The Estonian watchdog announced conditions for its much-maligned 5G auction has been set, which paves the way for the anticipated sale to begin this year.
This was according to Minister of enterprise and information technology Andres Sutt, who said in a statement: "Finally, we can announce the 5G competition after a very long and difficult debate in public, in court, in government and elsewhere.
“But now we can focus on the future and bring consumers the ultrafast internet already this year, which has been eagerly awaited.”
Only three frequency licenses will be put up for sale despite prior legal challenges for a fourth.

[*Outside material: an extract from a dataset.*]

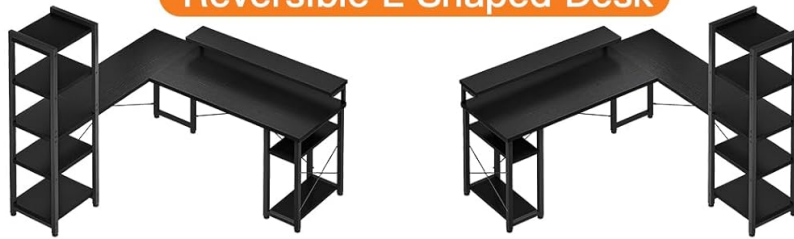
Image 7.1: A comprehensive diagram illustrating the dimensions of the ODK L-Shaped Computer Desk, including the main desk, monitor stand, and shelving unit.

Starting price begins at € 1.59 million with interested parties to submit their interest before April 4.
The auction will begin in late April after submissions have been considered and licenses issued to winners no later than June this year.
Estonia’s 5G auction was in legal limbo in 2020 and stalled due to affixed and IoT provider Levikom issuing a court challenge against the Consumer Protection and Technical Regulatory Authority (TTJA), stating having three incumbent operators would stifle competition and benefit bigger players such as Elisa, Tele2 and Telia.
The regulator compromised and opened the fourth spot on the 3,410-3,800 MHz airwaves, but this drew criticism from the Estonian Association of Information Technology and Telecommunications which stated the spectrum will be too spread out to provide a true 5G connection.